(Your instructions) Go through the records and give each one again exactly, omitting the images.

(Extracted data entries)
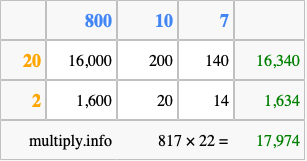 Finally, we add up all the sums we found in step 3 to get our final answer to 817 times 22.
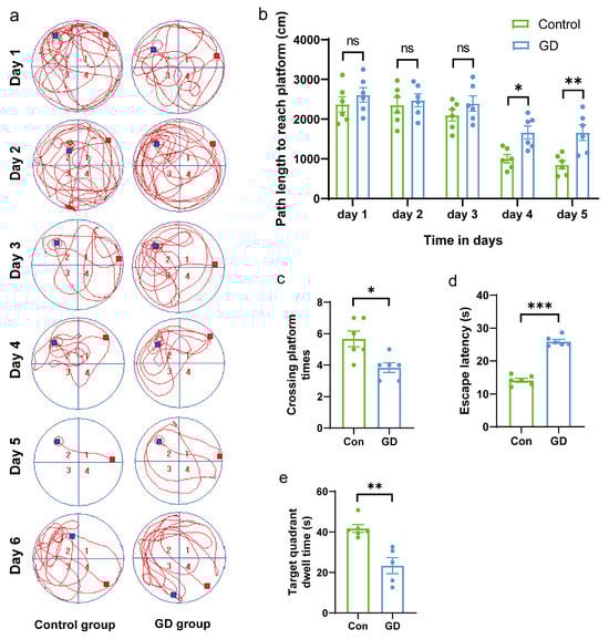 In training trials, as shown in Figure 1b, the control group showed a progressive decrease in path length to reach the platform, indicating that training trials were completely effective in the control group. Meanwhile, the GD group showed a less progressive decrease in path length to reach the platform and had a significantly longer path length to reach the platform compared to the control group on day 4 and day 5 (day 4, p < 0.05; day 5, p < 0.01). Additionally, swimming trajectories on the 1th to 5th days revealed that those in the GD group were more disorganized and purposeless compared to those in the control group.
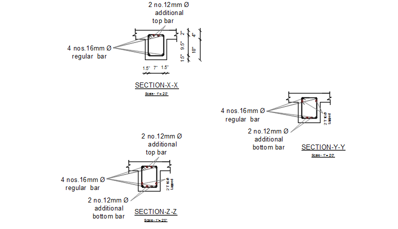 Column section plan detail dwg file, Column section plan detail with reinforcement detail plan, dimension detail, naming detail plan detail, section X-X’, section Y-Y’, section Z-Z’, 2 no. 12mm dia, 4no.16mm dia, used reinforcement, etc.
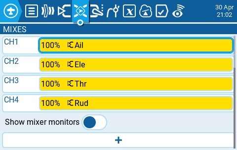 The Mixes screen of Model Settings is where several Inputs can be combined into one "Channel Mix". These mixes are then assigned to a radio channel for output. This is also the place where switches, knobs or sliders are assigned to a channel for output. Similar to the Input section, it is also possible to assign a weight, offset or curve to a channel mix.
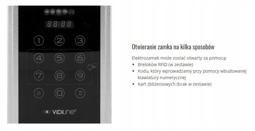 Panel wideodomofonowy do montażu na zewnątrz budynku natynkowo i podtynkowo. Posiada moduł kamery z diodamy podczerwieni, co umożliwia bezproblemową pracę w warunkach nocnych. Urządzenie posiada wbudowany czytnik RFID oraz szyfrator, dzięki czemu otwarcie elektrozamka może odbyć się przy użyciu breloka RFID, karty lub kodu. Otwieranie zamka czy też prowadzenie rozmowy odbywa się bez konieczności wywołania ze strony panela wewnętrznego.
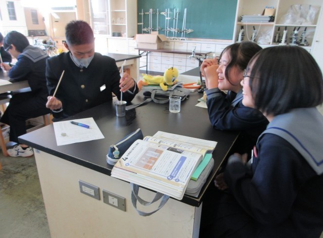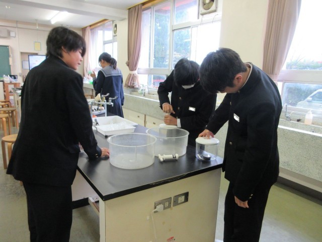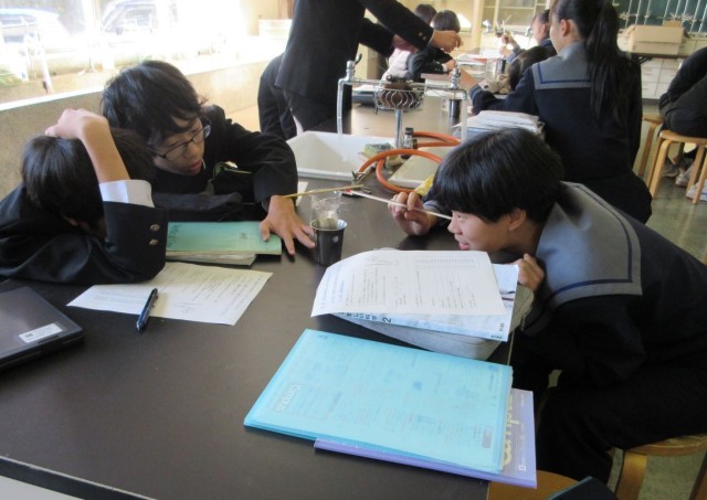露点を測定しました。空気中の水蒸気が水滴に変わる瞬間を見逃すまいと、集中してコップを見つめる姿が見られました。

(Expected output)
 Finally, we add up all the sums we found in step 3 to get our final answer to 817 times 22.
 In training trials, as shown in Figure 1b, the control group showed a progressive decrease in path length to reach the platform, indicating that training trials were completely effective in the control group. Meanwhile, the GD group showed a less progressive decrease in path length to reach the platform and had a significantly longer path length to reach the platform compared to the control group on day 4 and day 5 (day 4, p < 0.05; day 5, p < 0.01). Additionally, swimming trajectories on the 1th to 5th days revealed that those in the GD group were more disorganized and purposeless compared to those in the control group.
 Column section plan detail dwg file, Column section plan detail with reinforcement detail plan, dimension detail, naming detail plan detail, section X-X’, section Y-Y’, section Z-Z’, 2 no. 12mm dia, 4no.16mm dia, used reinforcement, etc.
 The Mixes screen of Model Settings is where several Inputs can be combined into one "Channel Mix". These mixes are then assigned to a radio channel for output. This is also the place where switches, knobs or sliders are assigned to a channel for output. Similar to the Input section, it is also possible to assign a weight, offset or curve to a channel mix.
 Panel wideodomofonowy do montażu na zewnątrz budynku natynkowo i podtynkowo. Posiada moduł kamery z diodamy podczerwieni, co umożliwia bezproblemową pracę w warunkach nocnych. Urządzenie posiada wbudowany czytnik RFID oraz szyfrator, dzięki czemu otwarcie elektrozamka może odbyć się przy użyciu breloka RFID, karty lub kodu. Otwieranie zamka czy też prowadzenie rozmowy odbywa się bez konieczności wywołania ze strony panela wewnętrznego.
露点を測定しました。空気中の水蒸気が水滴に変わる瞬間を見逃すまいと、集中してコップを見つめる姿が見られました。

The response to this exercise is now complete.